10th International Aerosol Conference
September 2 - September 7, 2018
America's Center Convention Complex
St. Louis, Missouri, USA

Abstract View

Pinning Down the Highly Variable Light-absorption Properties of Brown Carbon

RAWAD SALEH, Zezhen Cheng, Khairallah Atwi, University of Georgia

Abstract Number: 367
Working Group: Carbonaceous Aerosol

Abstract
Combustion of biomass fuels contributes a significant portion of atmospheric brown carbon (BrC), the light-absorbing fraction of organic aerosols. BrC exhibits highly variable light-absorption properties, with imaginary part of the refractive indices (k) reported in the literature varying over two orders of magnitude. There is a major gap in the understanding of this variability, posing a challenge to accurately representing brown carbon in radiative-transfer calculations.

Here, we present a framework that allows us to pin down the variability in BrC light-absorption properties. We hypothesize that BrC is comprised of black carbon (BC) precursors whose transformation to BC has not seen fruition during combustion. Depending on the combustion conditions, these BC precursors exhibit different maturity levels which dictate their light-absorption properties (k). The more mature are the precursors, the more absorptive (or BC-like) they are. This explains the aforementioned variability in k values reported in the literature: due to the chaotic nature of BrC-producing combustion, different measurements reported in the literature feature widely varying combustion conditions leading to different retrieved k values. More importantly, our hypothesis entails that BrC and BC lie on the same “optical continuum,” and carbonaceous combustion products can be represented as distributions along this continuum.

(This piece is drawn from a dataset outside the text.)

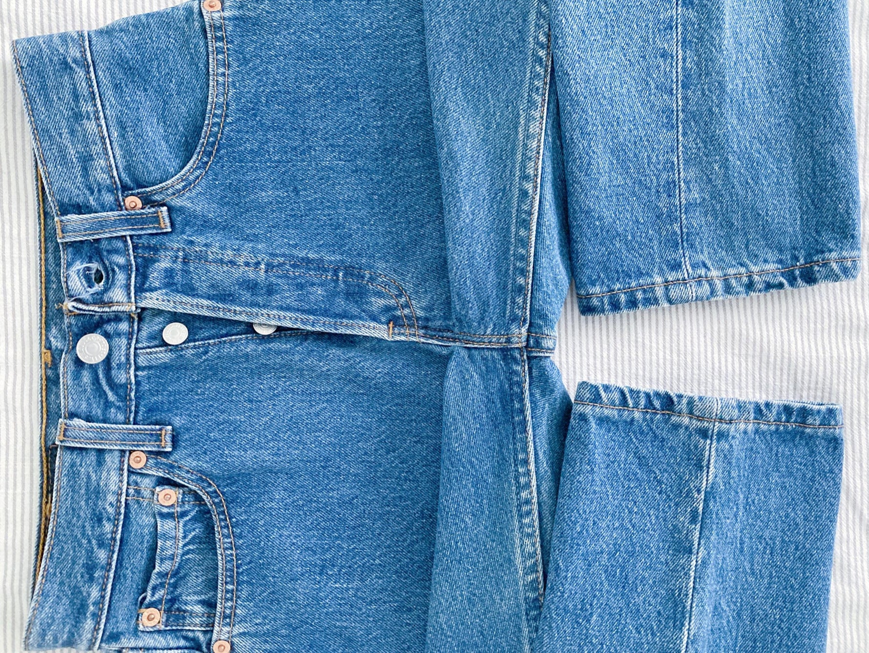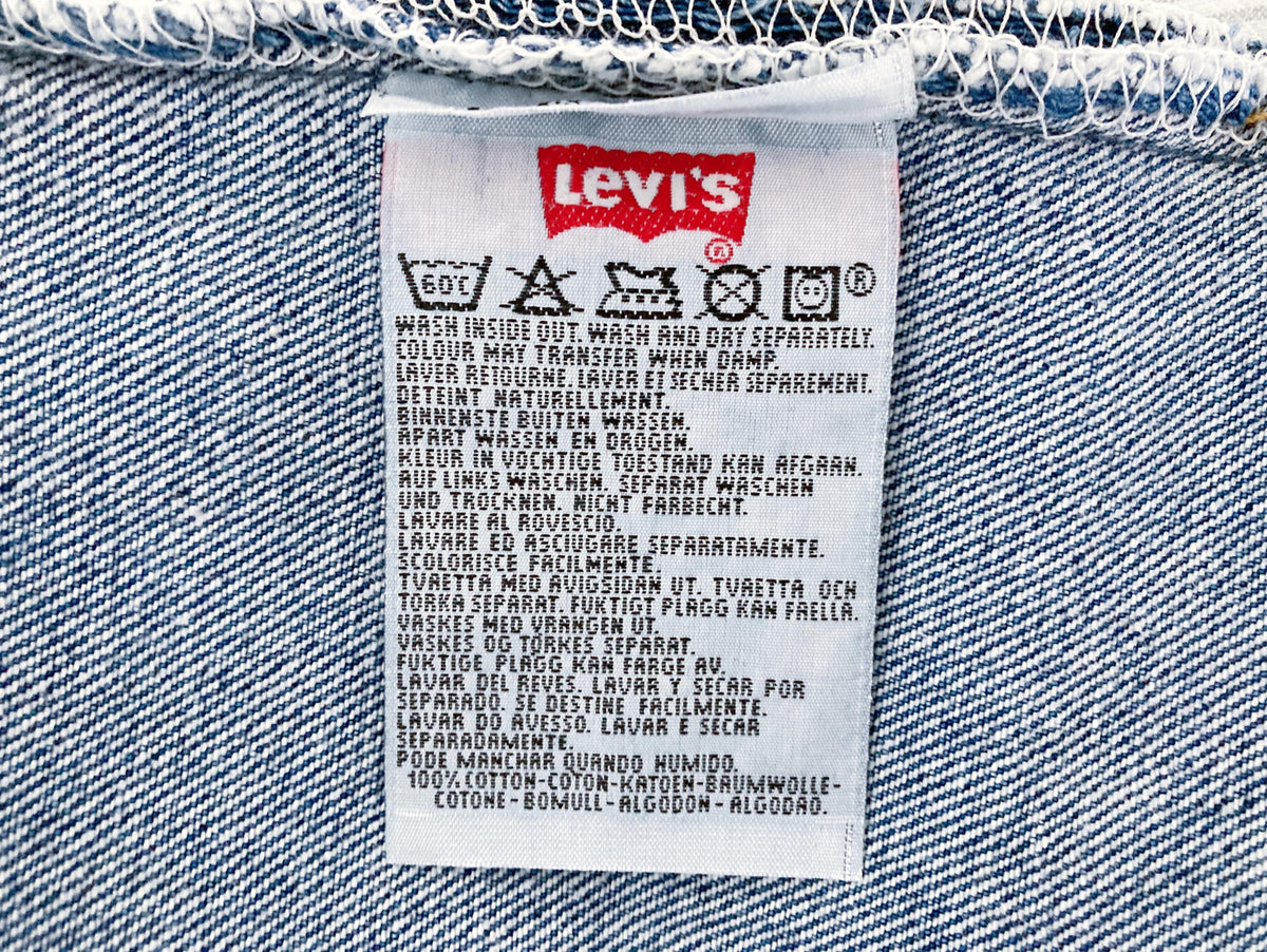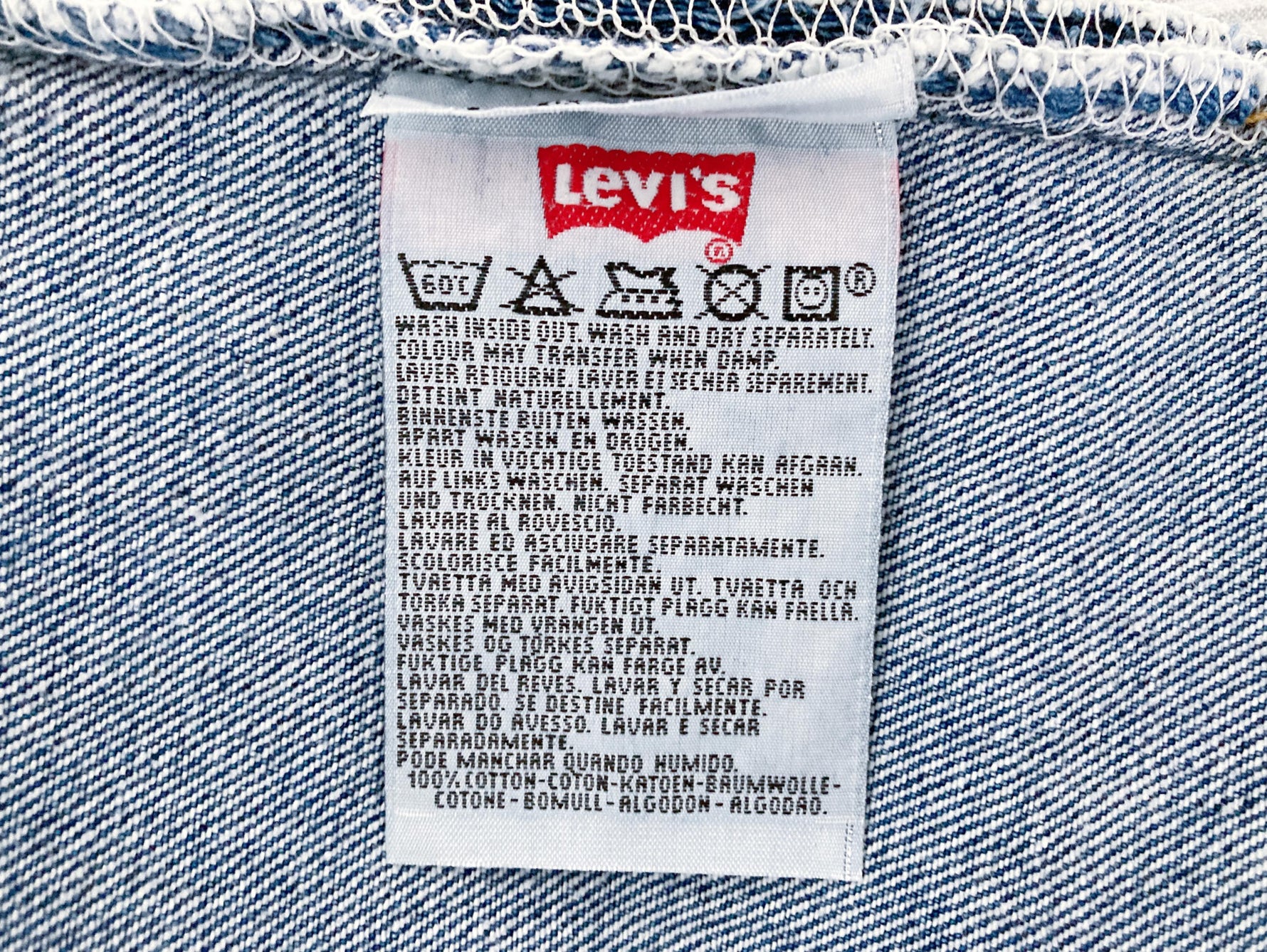 90s, coupe femme, bleu moyen, made in USA. Taille : 33 cm, Hauteur taille : 27,5 cm, Hanches : 49 cm, Cuisse : 26 cm, Longueur totale : 101,5 cm, Ourlets : 17 cm, Longueur entrejambe : 77,5 cm

To validate this hypothesis, we performed controlled combustion experiments in which the combustion conditions (temperature and air/fuel ratio) were varied and the wavelength-dependent k was retrieved from real-time multi-wavelength light-absorption measurements at each condition. We used benzene and toluene, the inception of which during combustion marks the initial critical steps leading to BC formation, as model fuels. By varying the combustion conditions of these two simple molecules, we isolated BrC components with k values spanning the range of values reported in the literature for biomass-burning BrC, a clear evidence for the importance of combustion conditions in dictating BrC light-absorption properties. Specifically, the values we obtained for k at 550 nm (k₅₅₀) and its wavelength-dependence (w) ranged from k₅₅₀ = 0.005 and w = 8 to k₅₅₀ = 0.3 and w = 0.4. For reference, k₅₅₀ and w of BC reported in the literature are approximately 0.7 and 0, respectively.

Our results unveil a continuum of optical bins defined by k₅₅₀ and w pairs that progress from lighter BrC (small k₅₅₀ and large w) to darker BrC (large k₅₅₀ and small w) to BC. We stress that the darkest BrC we could isolate is optically more similar to BC than the lighter BrC components. This blurs the line between BrC and BC and challenges the wide-spread perception that BrC is negligibly absorbing in the mid- and long-visible wavelengths compared to BC and that its contribution to atmospheric radiative transfer is only important in the short visible and near-UV wavelengths.